Draft genomes of 3 cyanobacteria strains and 17 co-habiting proteobacteria assembled from metagenomes

Maximilian Berthold ^1,^✉, Martin Albrecht ², Douglas A Campbell ¹, Naaman M Omar ¹

Editor: J Cameron Thrash³

PMCID: PMC10720521 PMID: 37943043

ABSTRACT

Cyanobium and Synechococcus are prominent, globally distributed cyanobacteria genera with ecological significance. Here, we report the genomes of the marine Synechococcus sp. CCMP836 and two strains of Cyanobium (CZS25K and CZS48M) along with the genomes of 17 co-occurring proteobacteria. These genomes will improve the strain-specific ecological positions.

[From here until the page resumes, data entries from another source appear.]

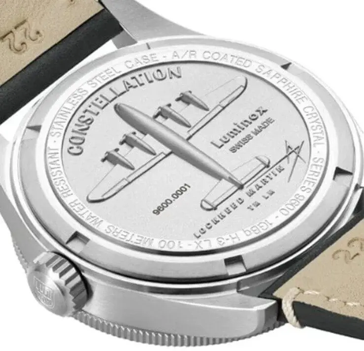 Luminox Constellation Automatic 9600 Series Die elegante Constellation Automatik mit schwarzem 42-mm-Zifferblatt und Saphirglas wird mit einem schwarzen Lederarmband mit Luminox-Schnalle geliefert und ist damit ein Zeitmesser für jeden Anlass. Beschreibung Luminox Air Automatic Constellation Pilotenuhr mit schwarzem Lederband. Die stromunabhängige Beleuchtung zeigt die Zeit auf einen Blick, unabhängig von den Lichtverhältnissen, ohne Aufladung durch das Tageslicht, ohne Knopfdruck. Swiss Made Automatikuhr (Sellita SW 200-1), Edelstahlgehäuse, Durchmesser ca. 42 mm, Höhe ca. 14 mm, verschraubter Gehäuseboden, verschraubte Krone mit Doppeldichtung und Kronenschutz, zweiseitig rotierende Lünette mit schwarzer Skala, schwarzes Zifferblatt mit Datumsanzeige, weiße Ziffern, Saphirglas mit Antireflexbeschichtung, schwarzes Lederarmband mit Dornschließe, Anstoßbreite: 22 mm, Gewicht ca. 105 g, wasserdicht bis 10 bar. Luminox Die Einsatzuhr mit vielen Referenzen: Bear Grylls, U.S. Navy SEALs, Icelandic Association for Search and Rescue, Sea Wolves Unlimited and Undersea Voyager Project, Lockheed Martin, Heliswiss, U.S. Air Force F-117 Nighthawk Stealth Jet Pilots, Federal Bureau of Investigation (FBI), U.S. Coast Guard, U.S. Secret Service, U.S. Border Patrol, U.S. Marshals...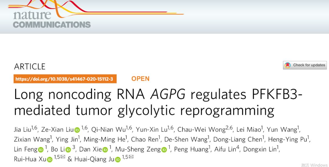 Nat Comm | 中山大学徐瑞华/鞠怀强团队揭示lncRNA调控肿瘤糖酵解重编程的作用及机制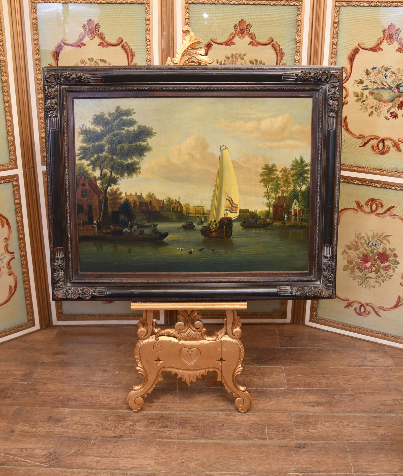 Pair Antique Dutch Oil Paintings Boat Scenes Riverscape 1860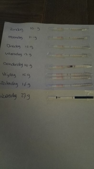 "Vanaf 11 september 2017 zag ik al een heel licht streepje en werd steeds donkerder vanaf 15 sept waren de 2 strepen erg zichtbaar tot met 19 september. "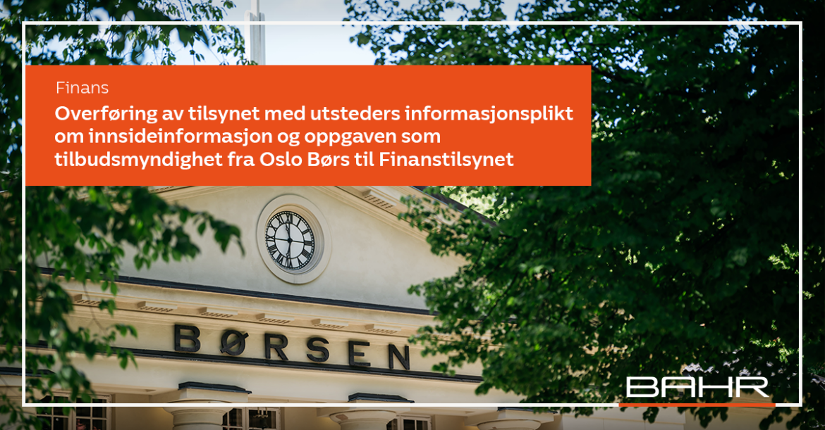 Finans | Overføring av tilsynet med utsteders informasjonsplikt om innsideinformasjon og oppgaven som tilbudsmyndighet fra Oslo Børs til Finanstilsynet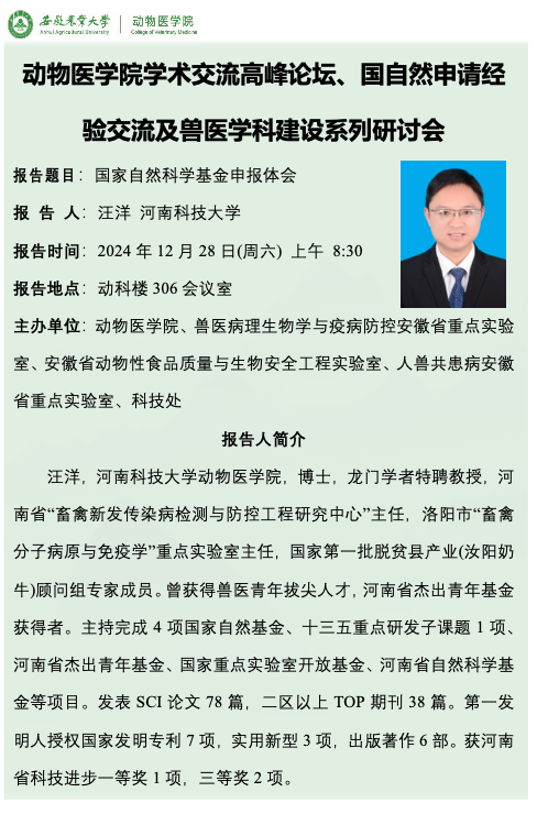 动物医学院学术交流高峰论坛、国自然申请经验交流及兽医学科建设系列研讨会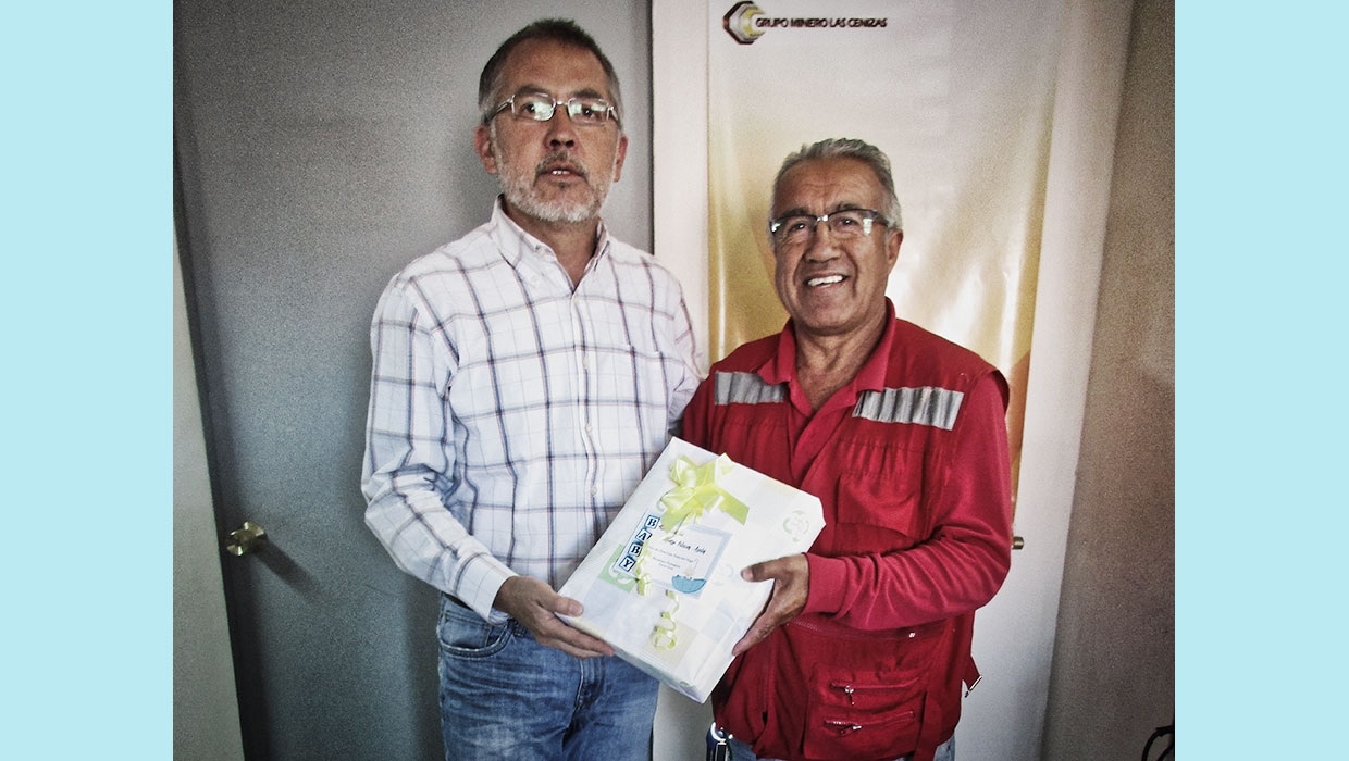Y como es tradición en estos casos, Recursos Humanos le hace entrega de un obsequio al feliz papá.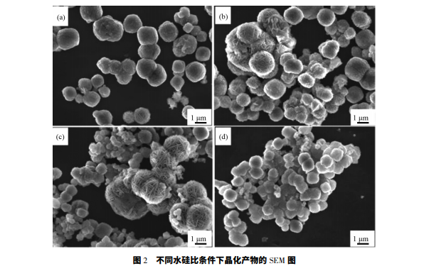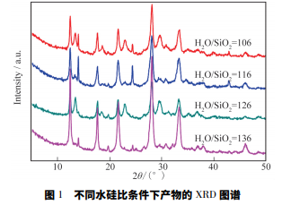 按照物質(zhì)的量之比 SiO2 ∶ Al2O3 ∶ Na2O ∶ H2O= 1 ∶ 0.51 ∶ 1.66 ∶ ( 106 ~ 136) ,將 NaOH 和去離子水混 合,分別加至粉煤灰提取的 H2SiO3 和 Al( OH) 3 沉淀 中,攪 拌 至 溶 解,得 到 Na2SiO3 和 NaAlO2 溶 液,將 NaAlO2逐滴加入 Na2SiO3 中,攪拌 30 min 后移至反應(yīng) 釜中在 120 ℃下晶化 8 h 得到產(chǎn)品。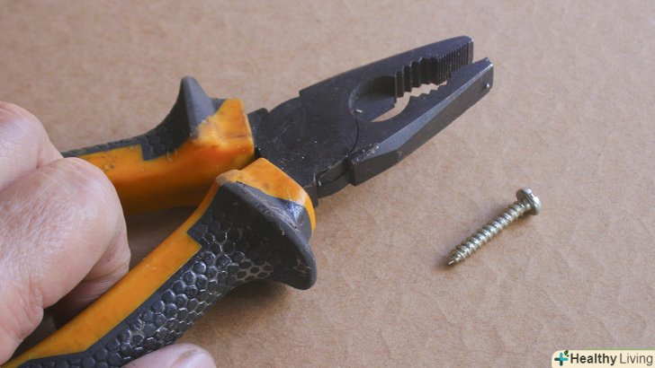 - Витягніть шуруп плоскогубцями. візьміться за шуруп плоскогубцями і потягніть його разом з пробкою. Замість плоскогубців можна використовувати також молоток-обценьки або вилку. Вам просто буде потрібно що-небудь, ніж можна підчепити головку шурупа. [13]
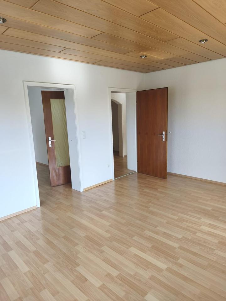4 1/2-Zimmer-Wohnung, aufgeteilt in ein großes Wohn-/ Esszimmer mit Zugang zum Balkon, eine abgeschlossene Küche, Flur, Elternschlafzimmer, Kinderzimmer 1, Kinderzimmer 2, Tageslichtbad, Gäste-WC, großer modernisierter Balkon. Wohnfläche ca. 96 m².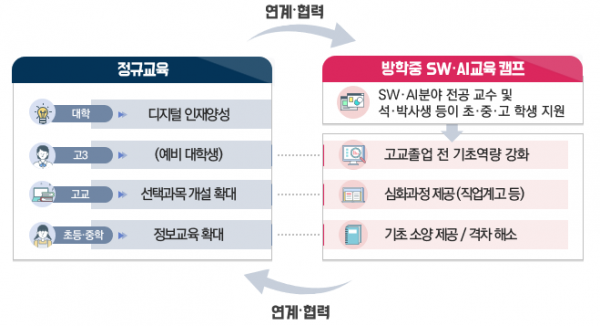 전국 단위로 처음 실시되는 이번 겨울방학 소프트웨어·인공지능 교육 캠프는 올해 12월 겨울방학부터 2023년 2월까지 운영될 계획이며 교육부는 10만명 내외의 학생들이 참여할 것으로 기대하고 있다.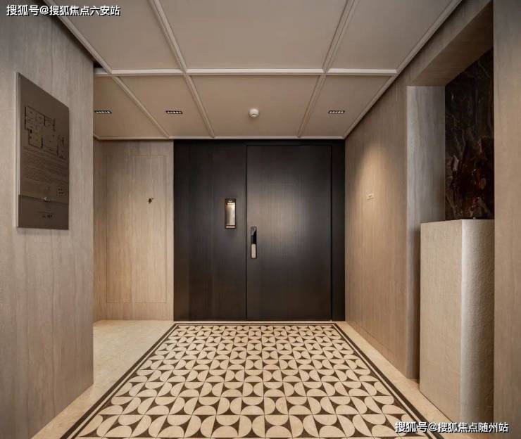 更为考究的是,巴黎蒙田大道,以激光蚀刻进香奈儿旗舰店青铜立面的山茶花,被创新性地蚀刻进杭州沄璟文的电梯门;入户门高定的“艺术壁龛门牌”,彰显独特的品位和身份。这些精致细节共同构筑了项目的高定基因,让建筑本身成为一件艺术品。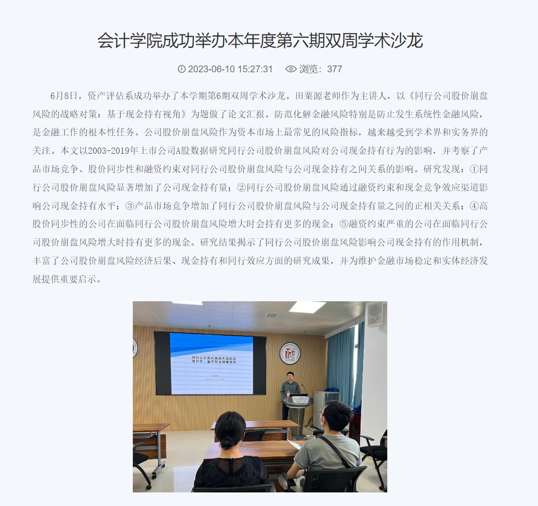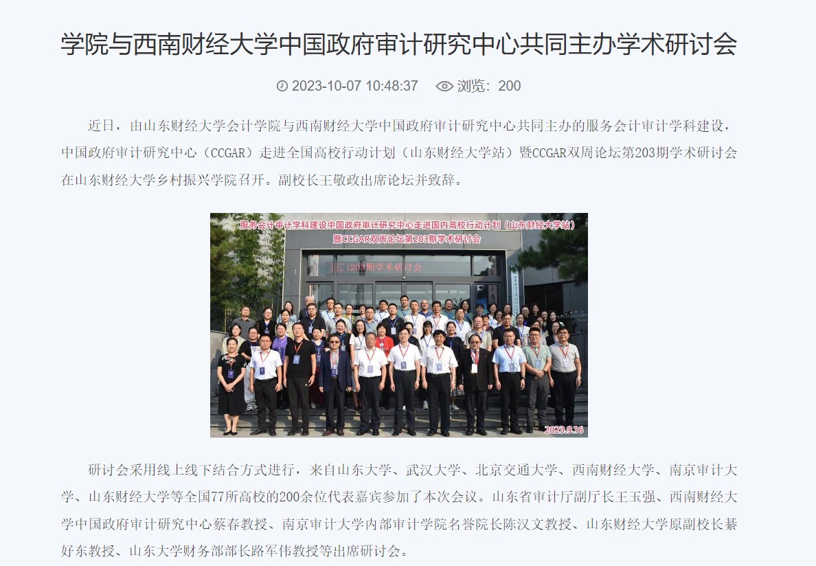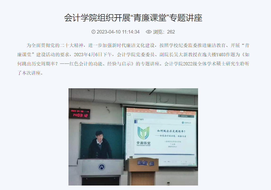 举办多场高水平学术讲座。开设“名人·名家”大讲堂,举办4期“学术沙龙”。承办三个国家级学术会议;6月3-4日,中国商业会计学会智能会计分会成立大会暨第一届“智能会计与数字企业”学术年会顺利举办,中国商业会计学会智能会计分会成立;10月7日由黄色网站 与西南财经大学中国政府审计研究中心共同主办的服务会计审计学科建设、中国政府审计研究中心(CCGAR)走进全国高校行动计划(黄色网站 站)暨CCGAR双周论坛第203期学术研讨会召开;10月30日,中国会计学会会计教育专业委员会与会计信息化专业委员会跨学科联合调研座谈会顺利举办;11月11日,中国会计学会会计史专业委员会第十二届学术年会在黄色网站 成功举办。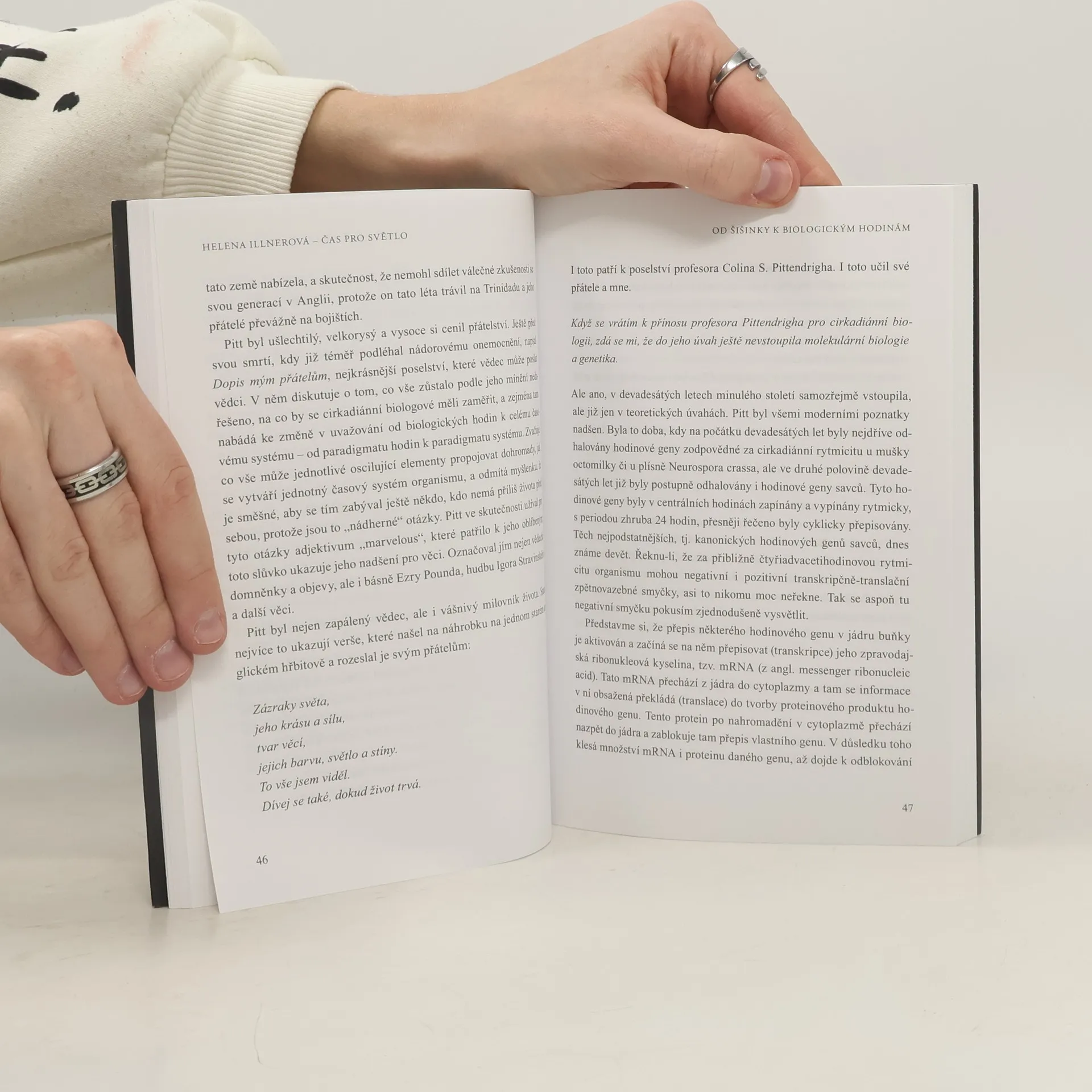 Prof. Helena Illnerová je přední česká fyzioložka a biochemička, bývalá předsedkyně AV ČR, České učené společnosti, České komise při UNESCO aj. Vedle aktivit spojených s vědou působí i na veřejnosti. V 70. a 80. letech založila a vedla turistický klub, dodnes se angažuje ve skautském hnutí, v roce 2008 kandidovala v senátních volbách za Stranu zelených. Dlouhodobě se aktivně věnuje popularizaci vědy, roli vzdělání ve společnosti, ale také otázkám etiky. Rozhovor, který s ní zasvěceně vede její profesní kolega, prof. Pavel Kovář, mapuje její život od rodinného zázemí a osobnostního formování po vědecké a veřejné působení. Dotýká se nejen otázek spojených s vědou a vzděláním v naší společnosti, ale také otázek hodnot, výchovy, úcty k tradici.
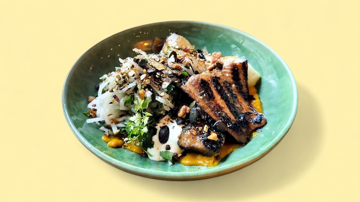 Kürbis-Püree • Miso Zwiebeln • Rettich-Kräuter-Salat • Limetten-Mayonnaise • Pak Choi • Walnuss-Kürbiskern-Knusper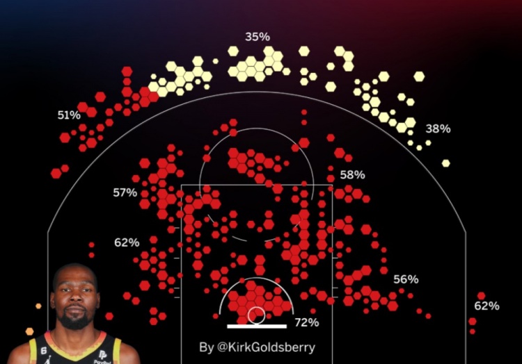 Durant cast the first 55%+40%+90% shooting season in NBA history in this season’s regular season, with no dead angle of horror efficiency.

KEYWORDS: cyanobacteria, proteobacteria, metagenomics

ANNOUNCEMENT

The global brackish microbiome is dominated by Synechococcus and Cyanobium (1) with more strains available than sequenced genomes. Cyanobium spp. CZS25K and CZS48M were isolated from the southern Baltic Sea in 2017 (surface water, Darss-Zingst lagoon system, a eutrophic lagoon system with a salinity range of 2 to 6 (2), 54.43°N, 12.68°E; see (3) for details on isolation) and obtained from the Applied Ecology Culture Collection at the University of Rostock. Synechococcus sp. CCMP836 (synonyms WH 8007, 838BG) was isolated from the surface waters of the Gulf of Mexico in 1980 (19.75°N, −92.41°W) (4) and obtained from NCMA Bigelow.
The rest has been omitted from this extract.